Woman and Child (Iran-France-Germany, 2025)
- Saeed Roustaee, director and co-scriptwriter (with Azad Jafarian)
- Starring: Parinaz Izadyar, Payman Maadi, Soha Niasti, Maziar Seyedi, Fereshteh Sadr Orafaee, Hassan Pourshirazi, Sinan Mohebi
- Part of the HKIFF's Global Vision program
A confession: I did not originally plan to attend a Hong Kong International Film Festival screening of Woman and Child. Rather, a booking error resulted in my coming by a ticket. But after seeing that it was directed by the same helmer as Leila's Brothers (Iran, 2022), which I had viewed -- and got much out of -- at a previous edition of the HKIFF, I decided that the mistake might be a blessing in disguise.

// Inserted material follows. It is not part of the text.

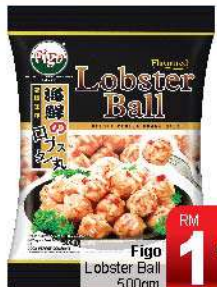
Figolob Lobster Ball 500gm

Made after Saeed Roustaee had served a six-month prison sentence and a filmmaking ban imposed on him by the Iranian government -- for entering Leila's Brothers in the Cannes Film Festival! -- had been lifted, Woman and Child was made with the approval of the same regime. Something that I find interesting since this drama centering on a widow with two children who lives with her mother and sister is one that yet another Iranian film that doesn't seem to sugercoat the lives of Iranian people, and their everyday struggles.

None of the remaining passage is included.